On 03/05/2010, EN #45747 provided notification that valve FBV0147 was found to be kept normally open to allow steam service for the boric acid hatching tank. This configuration was not consistent with the normal position assumed in the FSAR and HELB analyses. An engineering evaluation was subsequently performed for the auxiliary steam inlet and outlet piping for the boric acid batching tank. This valuation identified four postulated break locations which have all been analyzed. The analyses determined that all safety-related components in the affected rooms would be able to perform their safety functions in the event of a line break.

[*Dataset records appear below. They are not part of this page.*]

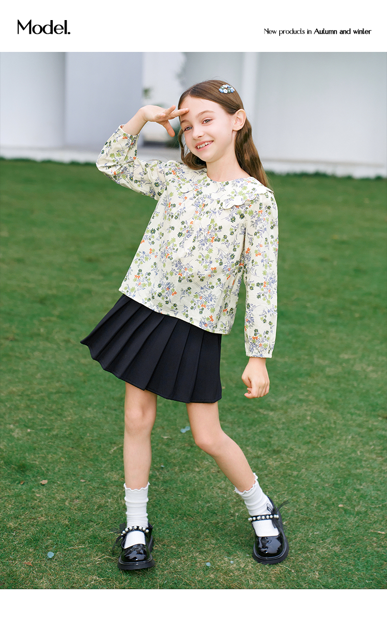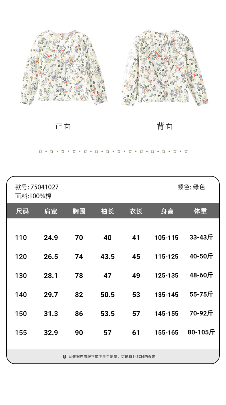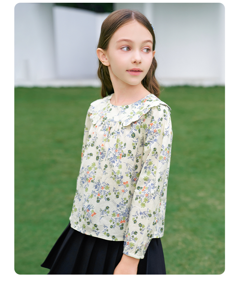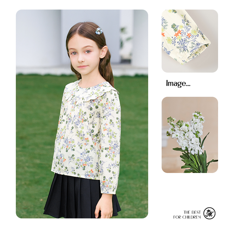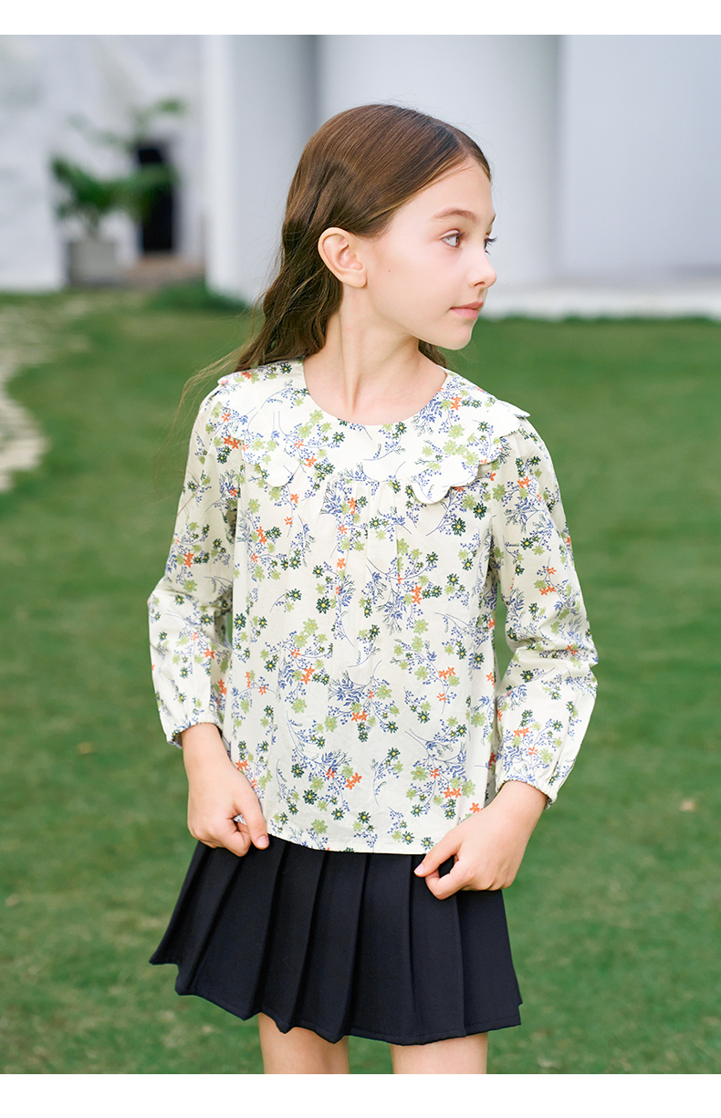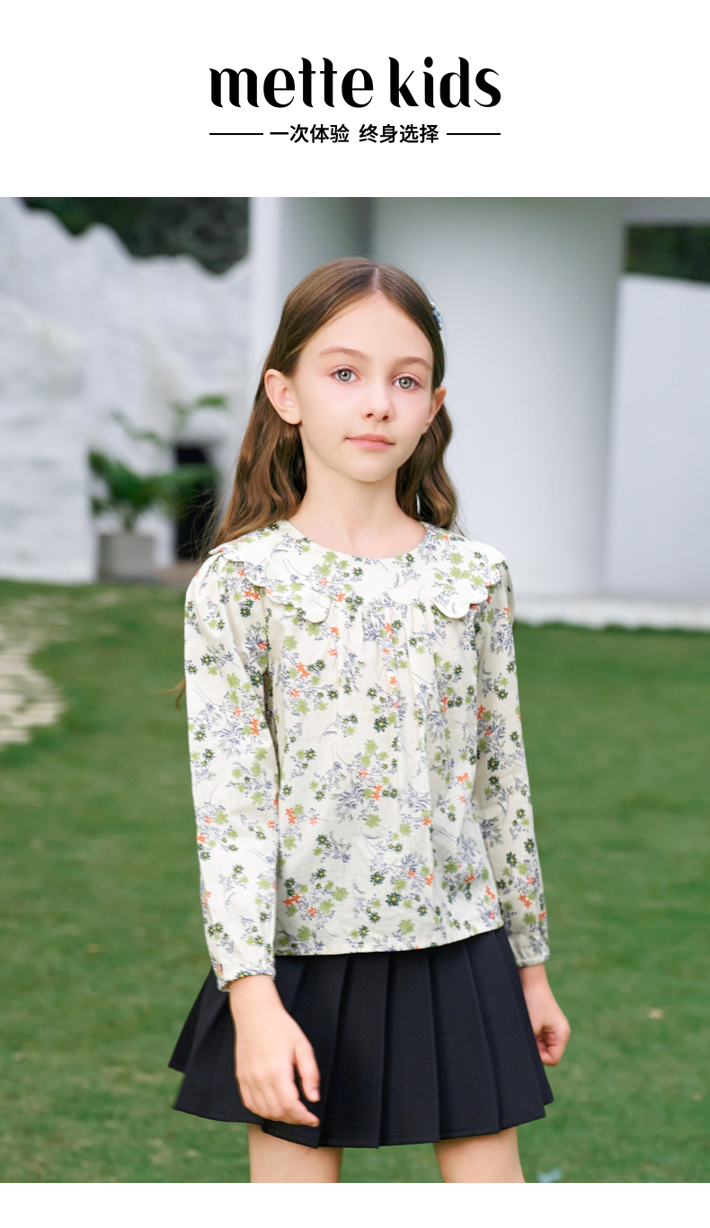 mettekids女童衬衫2024春夏清新绿色碎花上衣童装儿童纯棉衬衣
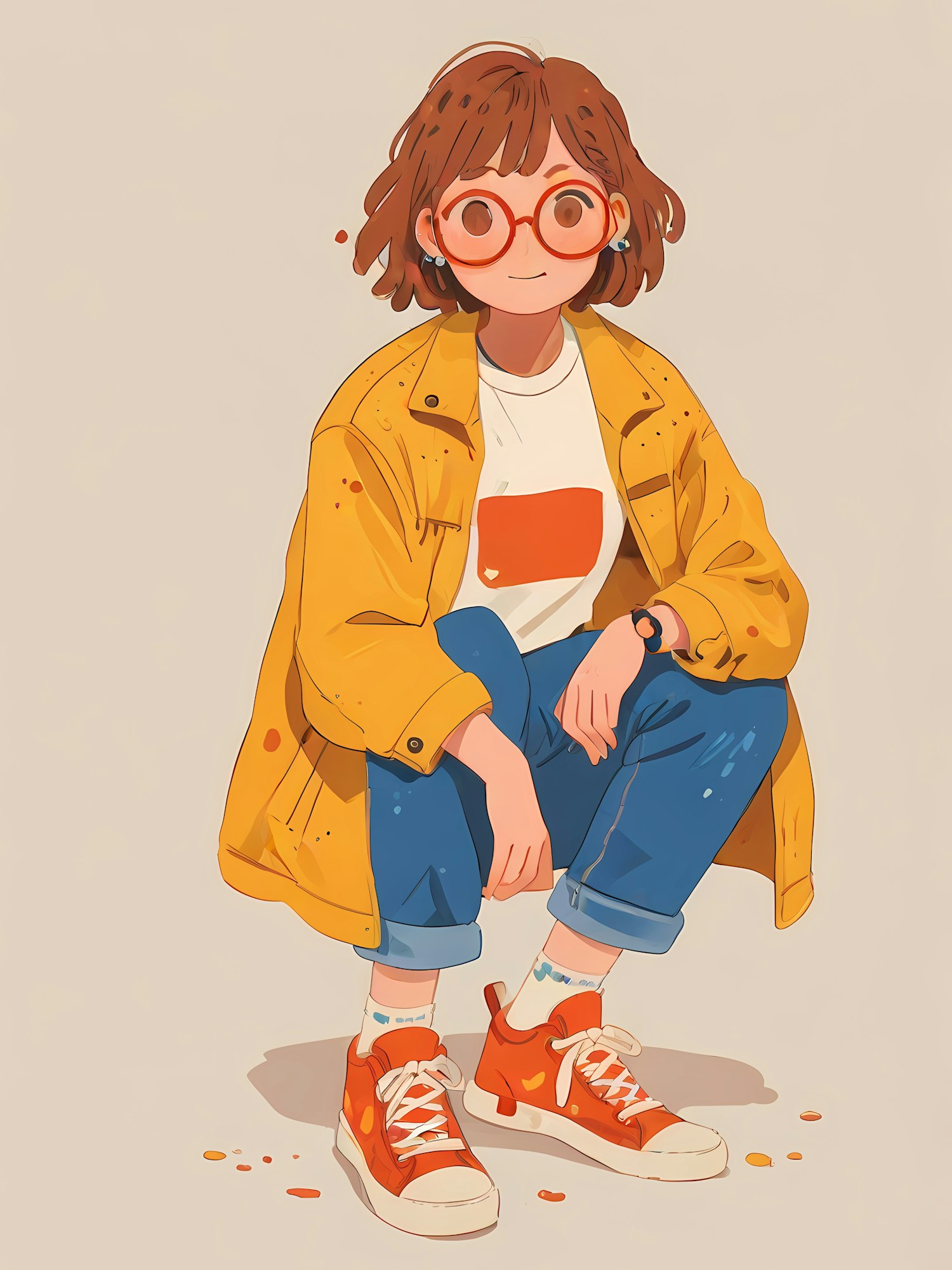 Cartoon character in a yellow jacket, red glasses, and orange sneakers, exuding youthful energy and style.
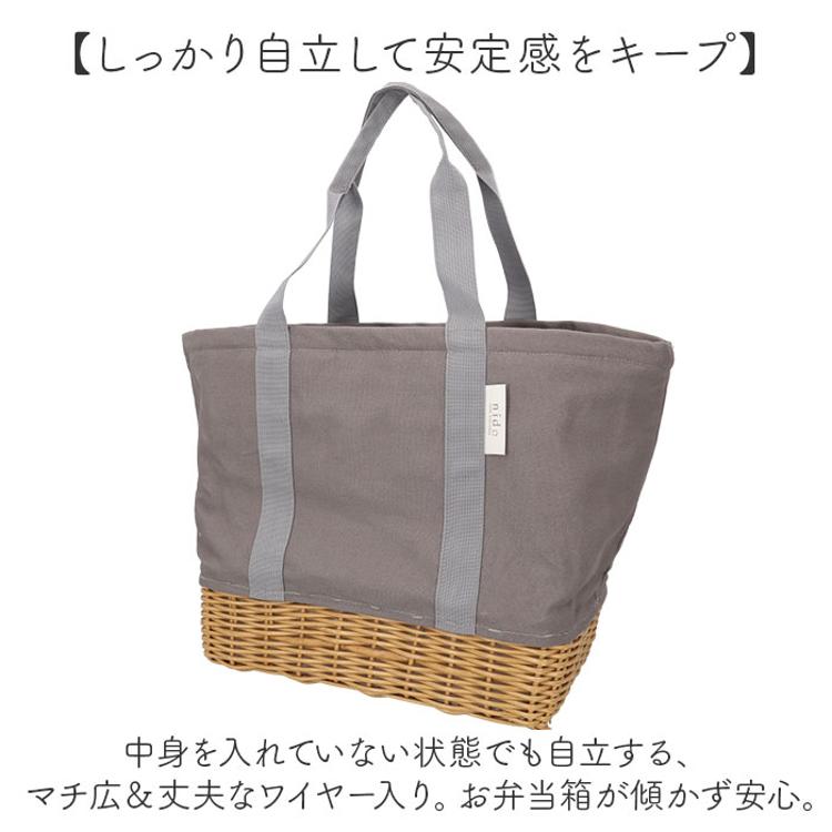 ・中身を入れていない状態でも自立する、マチ広&丈夫なワイヤー入り。お弁当箱が傾かず安心。
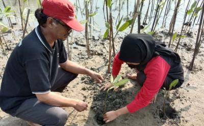 Cegah Abrasi Warga Bersama Relawan Tanam Bibit Pohon Bakau di Pesisir Pekalongan
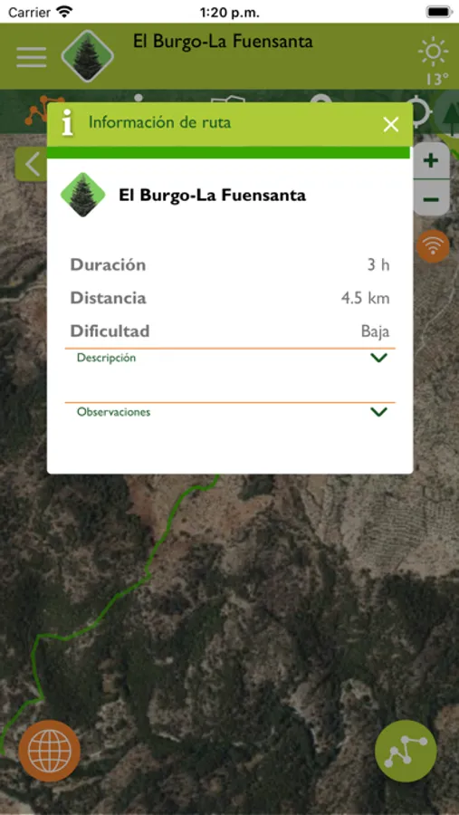 También incluye cientos de puntos de interés como centros de información, alojamientos, miradores, refugios, etc., con su localización e información de contacto y rutas para recorrer con información acerca de duración, dificultad, etc.
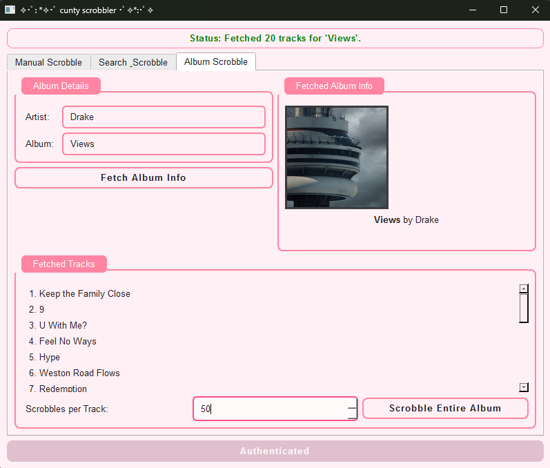 a python-based last.fm scrobbler with a yassified ui, built for a client wanting a girly and functional solution.
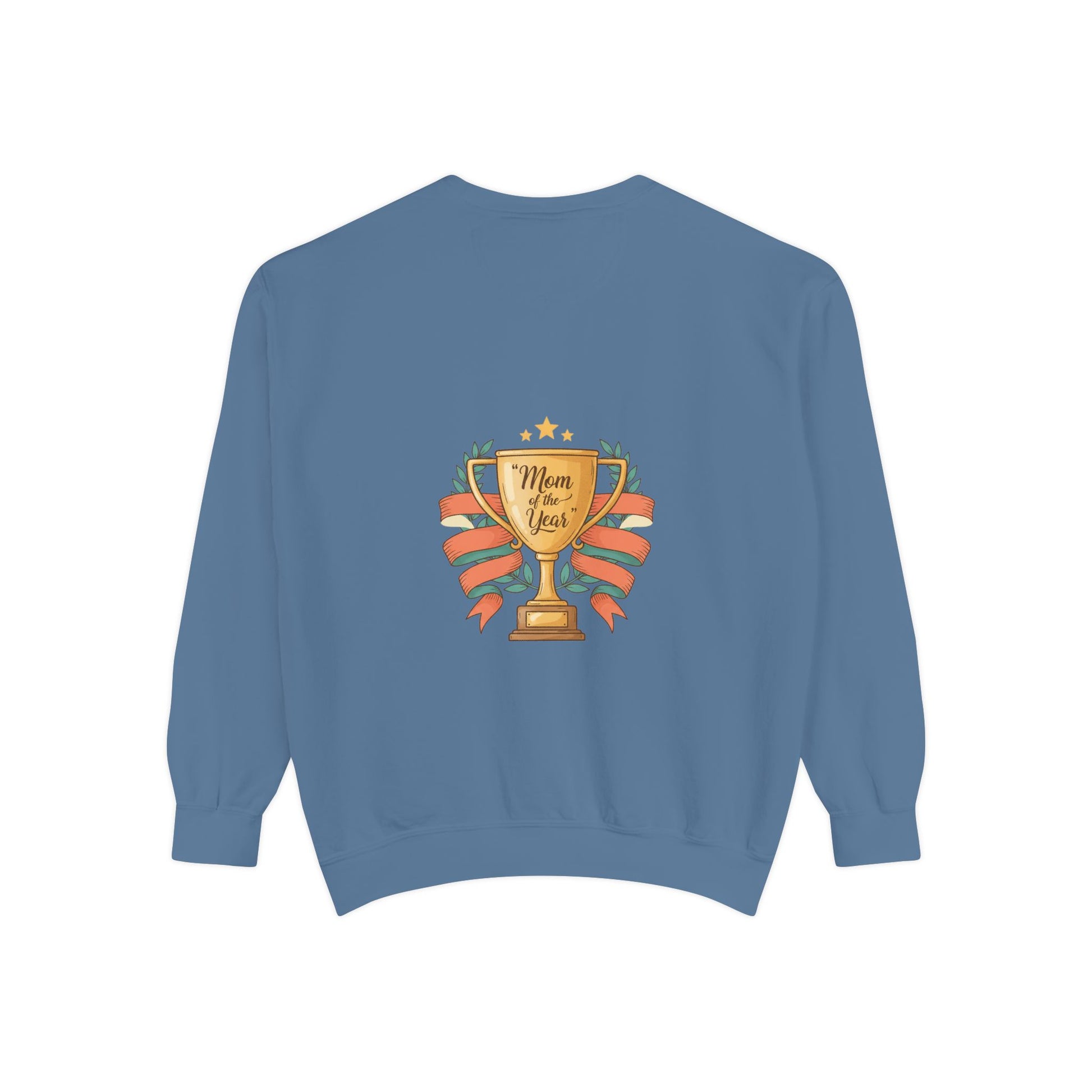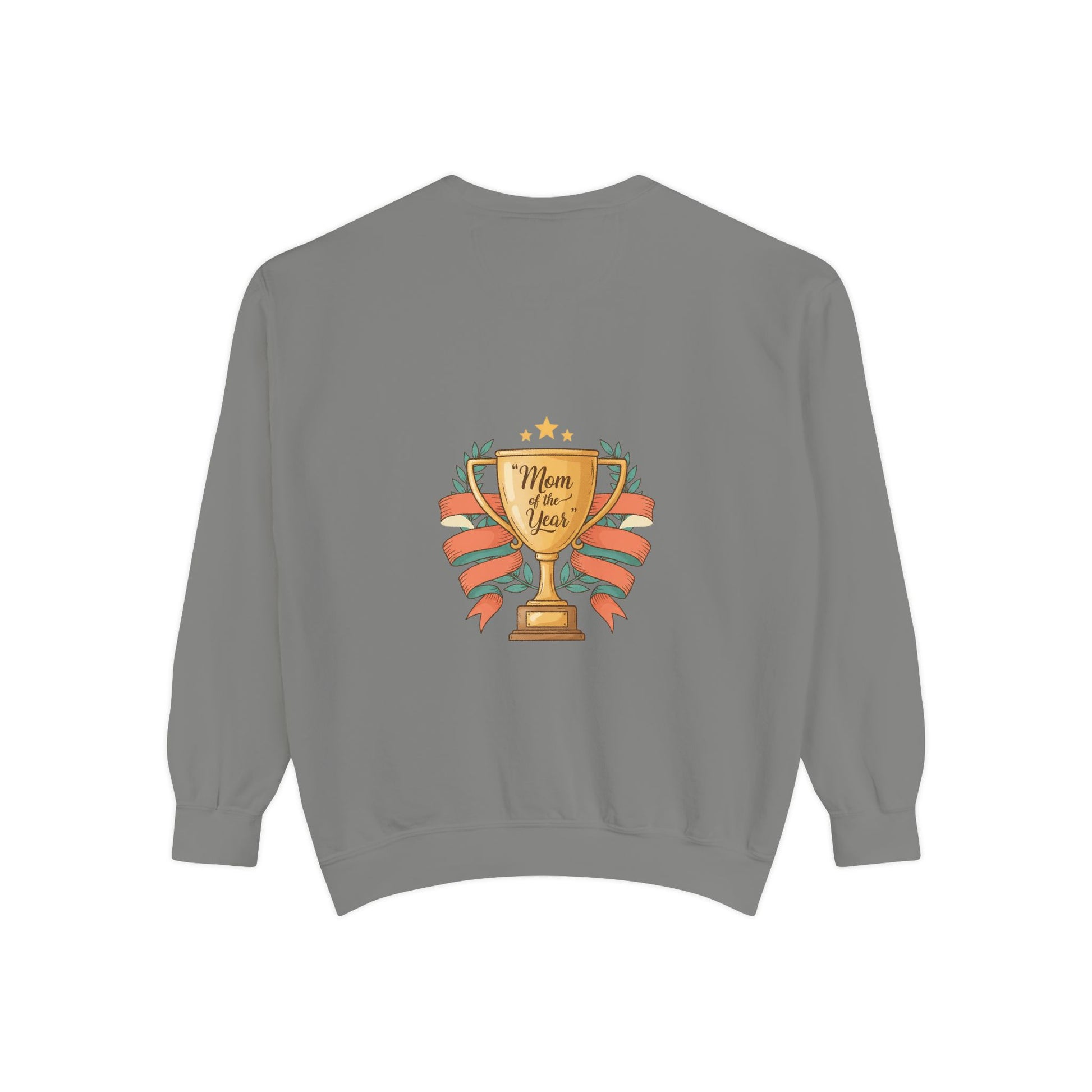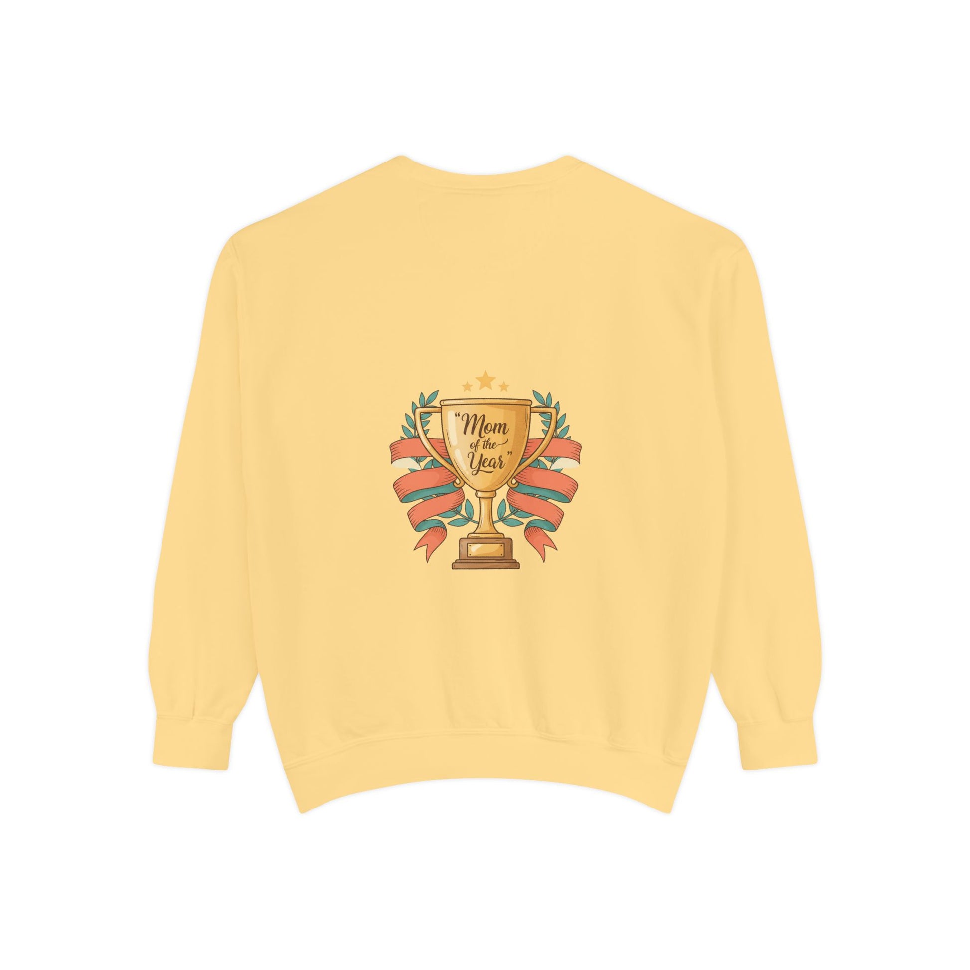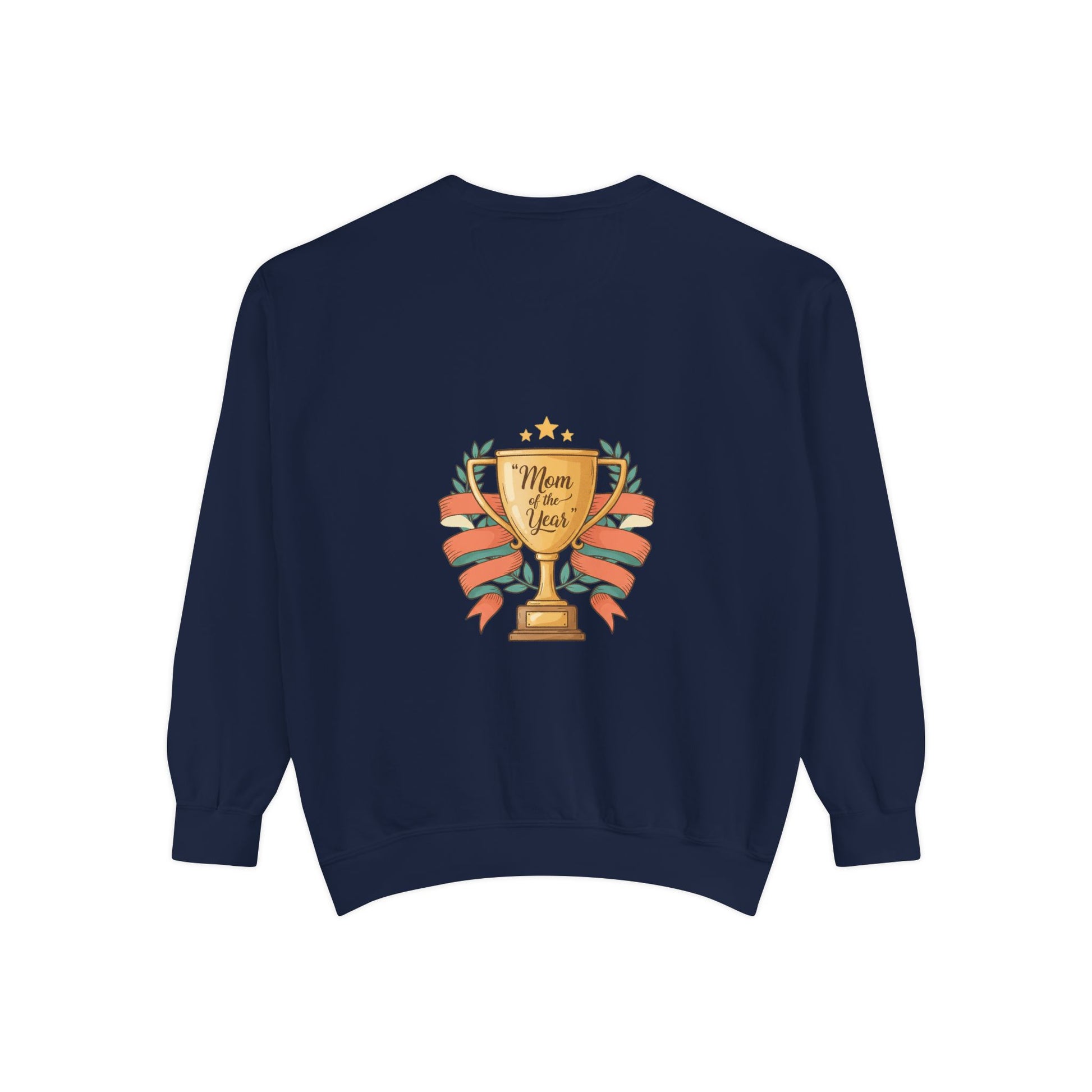 This relaxed-fit garment-dyed sweatshirt carries a handcrafted, vintage-inspired trophy illustration centered on the chest — a warm nod to someone who’s cherished and celebrated. The design’s muted golds, soft greens, and ribbon accents feel like an old-school award, softened by hand-drawn lines and watercolor texture. Wear it on slow mornings with coffee, at casual family gatherings, or when you want to give a quiet, wearable salute to someone who’s been there. The medium-heavy fabric drapes comfortably, the ribbed collar and cuffs keep shape over time, and subtle back neck detailing adds a small, thoughtful touch for those who notice craftsmanship.

Pipe whip, jet impingement, compartment temperature and over pressurization, flooding, and internal missiles resulting from a postulated line break would not prevent any safety-related equipment from performing its design function. As supported by this evaluation, this condition does not meet the criteria for an unanalyzed condition that significantly degrades plant safety as stated in 10 CFR 50.72(b)(3)(ii)(B). Therefore, the notification made on 03/05/2010 is hereby retracted. The NRC Resident Inspector will be notified. R4DO (Farnholtz) notified.